## Task item
Wherever a line below holds the word "Stainless", copy that line.

## The input
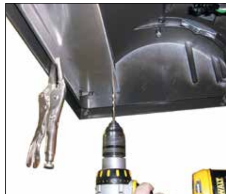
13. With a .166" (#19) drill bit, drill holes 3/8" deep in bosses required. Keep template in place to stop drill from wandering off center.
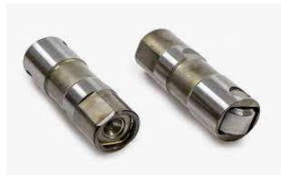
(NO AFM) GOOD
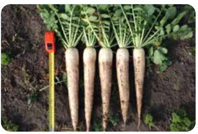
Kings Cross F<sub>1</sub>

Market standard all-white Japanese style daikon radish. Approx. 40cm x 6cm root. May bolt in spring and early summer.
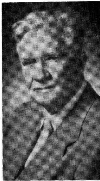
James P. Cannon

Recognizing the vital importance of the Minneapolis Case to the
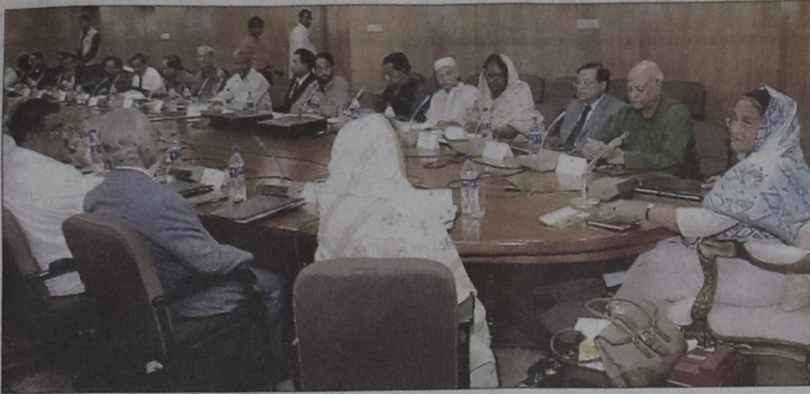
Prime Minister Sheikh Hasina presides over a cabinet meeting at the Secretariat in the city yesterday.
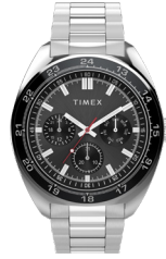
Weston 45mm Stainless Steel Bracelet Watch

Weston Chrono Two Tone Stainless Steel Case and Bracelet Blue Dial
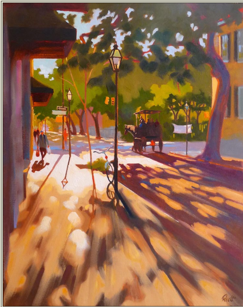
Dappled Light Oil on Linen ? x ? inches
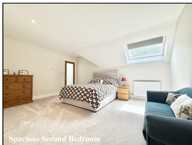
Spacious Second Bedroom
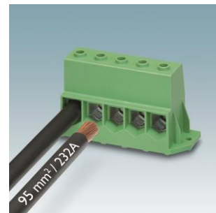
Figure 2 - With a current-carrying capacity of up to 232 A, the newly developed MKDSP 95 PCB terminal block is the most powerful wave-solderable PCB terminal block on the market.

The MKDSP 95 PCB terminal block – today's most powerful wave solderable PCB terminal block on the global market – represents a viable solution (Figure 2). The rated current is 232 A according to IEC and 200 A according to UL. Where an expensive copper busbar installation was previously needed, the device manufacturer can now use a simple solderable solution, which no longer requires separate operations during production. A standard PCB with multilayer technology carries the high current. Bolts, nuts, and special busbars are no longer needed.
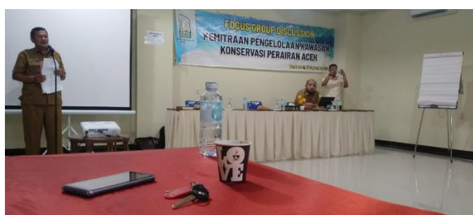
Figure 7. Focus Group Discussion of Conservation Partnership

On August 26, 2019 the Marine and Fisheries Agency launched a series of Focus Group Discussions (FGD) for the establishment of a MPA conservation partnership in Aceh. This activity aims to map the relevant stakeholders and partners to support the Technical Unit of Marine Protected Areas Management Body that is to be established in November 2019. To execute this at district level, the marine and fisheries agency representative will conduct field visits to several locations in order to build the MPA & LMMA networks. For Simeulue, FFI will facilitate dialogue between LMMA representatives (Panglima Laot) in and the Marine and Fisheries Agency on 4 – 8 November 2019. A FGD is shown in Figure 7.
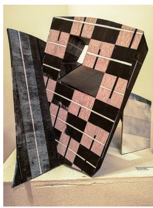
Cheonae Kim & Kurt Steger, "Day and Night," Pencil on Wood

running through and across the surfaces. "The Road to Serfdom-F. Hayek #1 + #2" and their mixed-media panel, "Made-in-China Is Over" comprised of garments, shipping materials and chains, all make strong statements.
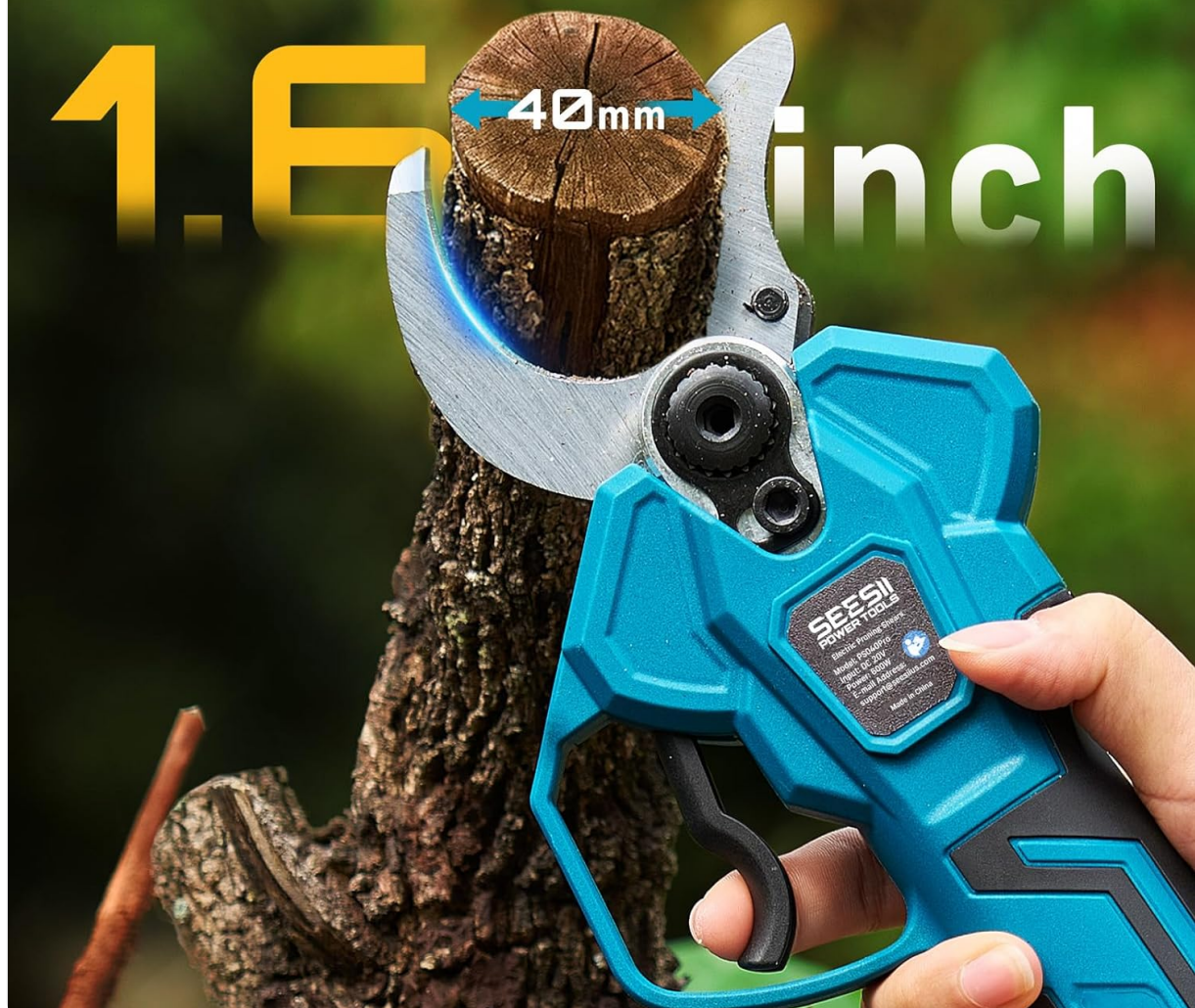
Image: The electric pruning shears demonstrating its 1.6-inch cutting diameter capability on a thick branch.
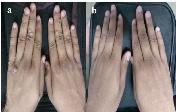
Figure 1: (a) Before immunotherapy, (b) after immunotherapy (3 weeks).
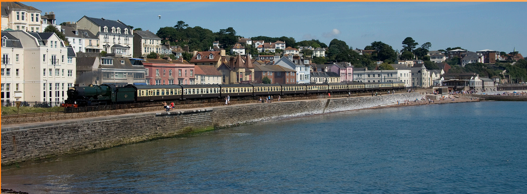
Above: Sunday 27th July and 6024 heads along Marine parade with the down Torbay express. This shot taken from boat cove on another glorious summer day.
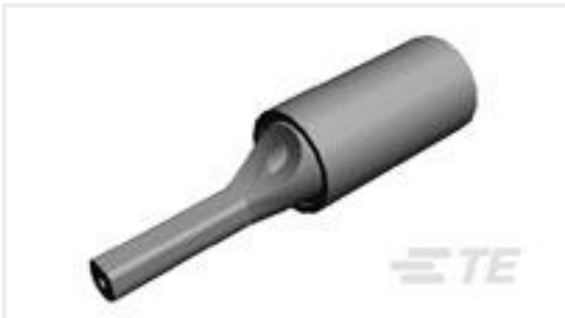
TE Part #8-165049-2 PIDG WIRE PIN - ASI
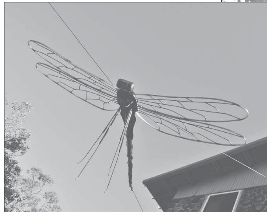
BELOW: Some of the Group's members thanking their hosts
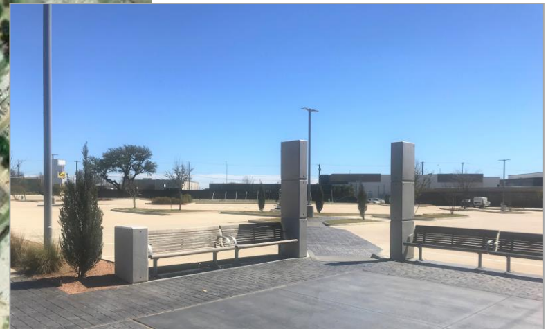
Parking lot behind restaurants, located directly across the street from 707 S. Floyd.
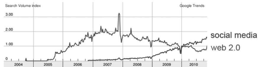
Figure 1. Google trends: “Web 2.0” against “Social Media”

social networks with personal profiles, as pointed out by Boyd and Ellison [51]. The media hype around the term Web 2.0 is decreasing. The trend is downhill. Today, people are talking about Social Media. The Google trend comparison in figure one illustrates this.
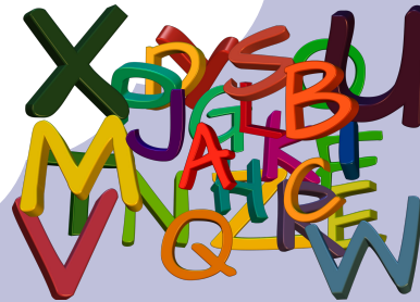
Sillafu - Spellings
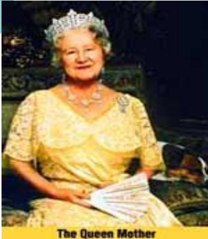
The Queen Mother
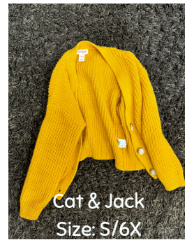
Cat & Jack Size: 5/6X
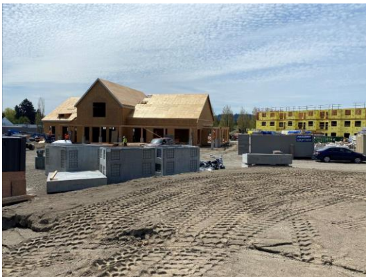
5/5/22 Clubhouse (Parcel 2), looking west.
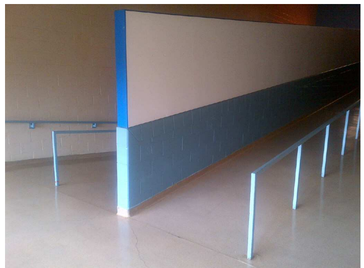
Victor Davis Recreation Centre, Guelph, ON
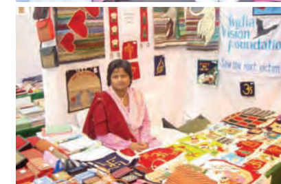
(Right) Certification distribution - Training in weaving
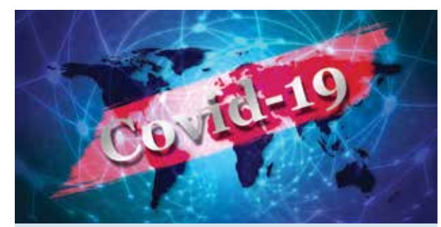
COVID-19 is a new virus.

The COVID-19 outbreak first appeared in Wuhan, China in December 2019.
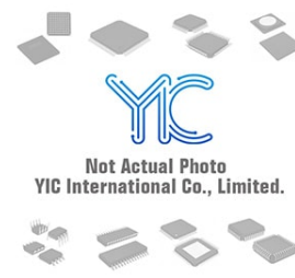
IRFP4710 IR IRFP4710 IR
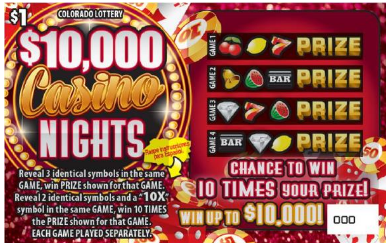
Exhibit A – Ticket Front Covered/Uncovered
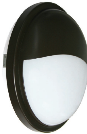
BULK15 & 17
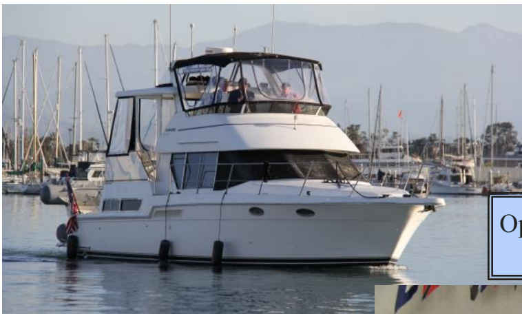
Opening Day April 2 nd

## Problem solution
Weston 45mm Stainless Steel Bracelet Watch
Weston Chrono Two Tone Stainless Steel Case and Bracelet Blue Dial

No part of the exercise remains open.